§ **What you are asked to do**
The pictures get dropped, while every remaining part of the listing is copied exactly.

§ **Data**
=== Section Start ===

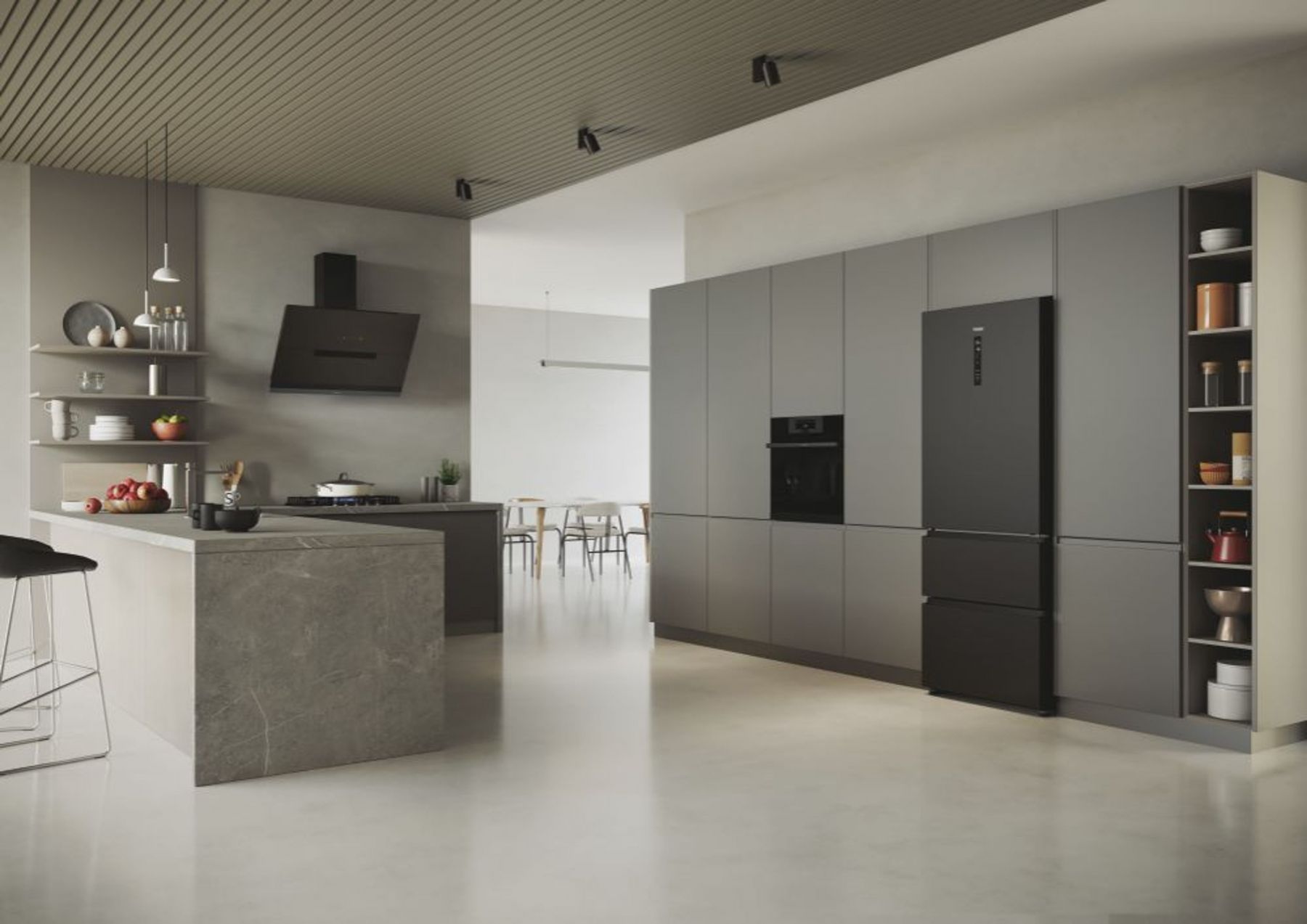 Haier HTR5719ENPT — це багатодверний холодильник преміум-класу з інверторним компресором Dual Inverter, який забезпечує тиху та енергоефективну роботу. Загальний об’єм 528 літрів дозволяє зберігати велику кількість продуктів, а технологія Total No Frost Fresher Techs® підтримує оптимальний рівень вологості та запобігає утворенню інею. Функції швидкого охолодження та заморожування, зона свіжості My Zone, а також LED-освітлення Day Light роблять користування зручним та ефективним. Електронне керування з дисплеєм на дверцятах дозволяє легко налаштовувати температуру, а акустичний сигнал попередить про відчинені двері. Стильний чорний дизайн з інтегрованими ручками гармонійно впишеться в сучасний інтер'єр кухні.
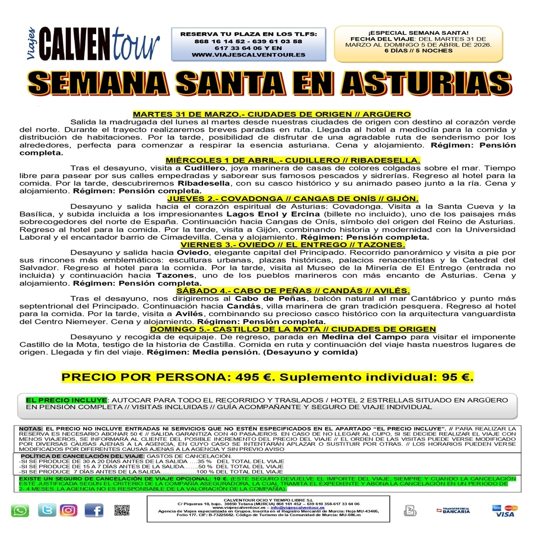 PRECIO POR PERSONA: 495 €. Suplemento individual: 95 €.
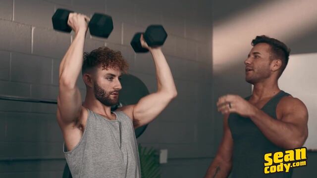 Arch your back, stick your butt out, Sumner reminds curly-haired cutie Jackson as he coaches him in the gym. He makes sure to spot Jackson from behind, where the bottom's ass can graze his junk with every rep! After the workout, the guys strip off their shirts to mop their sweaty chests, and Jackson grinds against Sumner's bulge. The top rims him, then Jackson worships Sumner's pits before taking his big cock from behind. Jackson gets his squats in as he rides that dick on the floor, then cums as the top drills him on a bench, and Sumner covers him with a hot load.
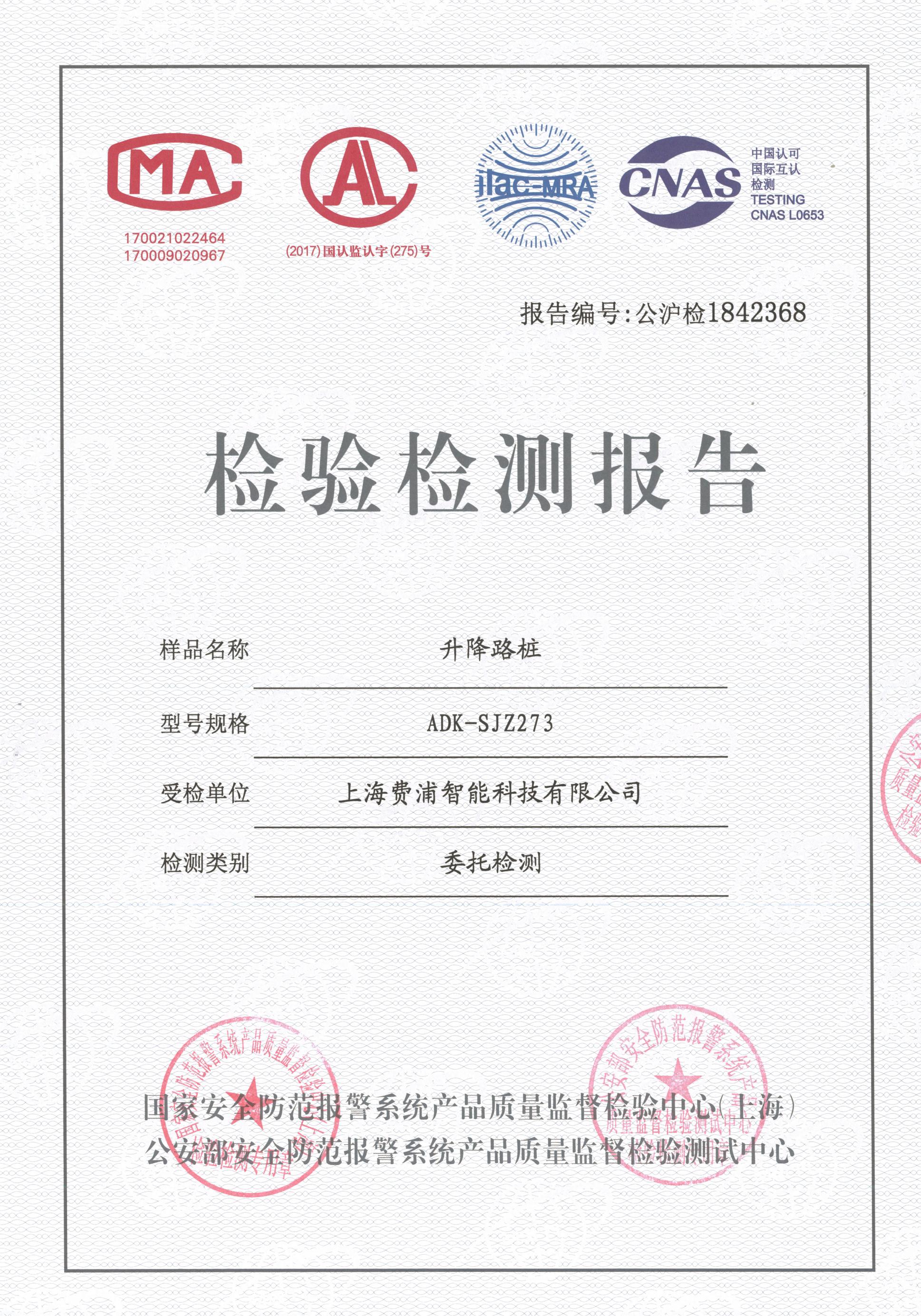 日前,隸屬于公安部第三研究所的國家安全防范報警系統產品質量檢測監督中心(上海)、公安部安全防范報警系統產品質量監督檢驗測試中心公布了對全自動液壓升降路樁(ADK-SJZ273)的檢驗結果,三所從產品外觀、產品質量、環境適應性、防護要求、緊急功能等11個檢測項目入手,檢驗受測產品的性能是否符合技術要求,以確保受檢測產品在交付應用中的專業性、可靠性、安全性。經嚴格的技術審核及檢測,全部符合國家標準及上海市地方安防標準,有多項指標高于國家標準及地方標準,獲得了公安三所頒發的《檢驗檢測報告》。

=== Section End ===

§ **Response to this exercise**
 Haier HTR5719ENPT — це багатодверний холодильник преміум-класу з інверторним компресором Dual Inverter, який забезпечує тиху та енергоефективну роботу. Загальний об’єм 528 літрів дозволяє зберігати велику кількість продуктів, а технологія Total No Frost Fresher Techs® підтримує оптимальний рівень вологості та запобігає утворенню інею. Функції швидкого охолодження та заморожування, зона свіжості My Zone, а також LED-освітлення Day Light роблять користування зручним та ефективним. Електронне керування з дисплеєм на дверцятах дозволяє легко налаштовувати температуру, а акустичний сигнал попередить про відчинені двері. Стильний чорний дизайн з інтегрованими ручками гармонійно впишеться в сучасний інтер'єр кухні.
 PRECIO POR PERSONA: 495 €. Suplemento individual: 95 €.
 Arch your back, stick your butt out, Sumner reminds curly-haired cutie Jackson as he coaches him in the gym. He makes sure to spot Jackson from behind, where the bottom's ass can graze his junk with every rep! After the workout, the guys strip off their shirts to mop their sweaty chests, and Jackson grinds against Sumner's bulge. The top rims him, then Jackson worships Sumner's pits before taking his big cock from behind. Jackson gets his squats in as he rides that dick on the floor, then cums as the top drills him on a bench, and Sumner covers him with a hot load.
 日前,隸屬于公安部第三研究所的國家安全防范報警系統產品質量檢測監督中心(上海)、公安部安全防范報警系統產品質量監督檢驗測試中心公布了對全自動液壓升降路樁(ADK-SJZ273)的檢驗結果,三所從產品外觀、產品質量、環境適應性、防護要求、緊急功能等11個檢測項目入手,檢驗受測產品的性能是否符合技術要求,以確保受檢測產品在交付應用中的專業性、可靠性、安全性。經嚴格的技術審核及檢測,全部符合國家標準及上海市地方安防標準,有多項指標高于國家標準及地方標準,獲得了公安三所頒發的《檢驗檢測報告》。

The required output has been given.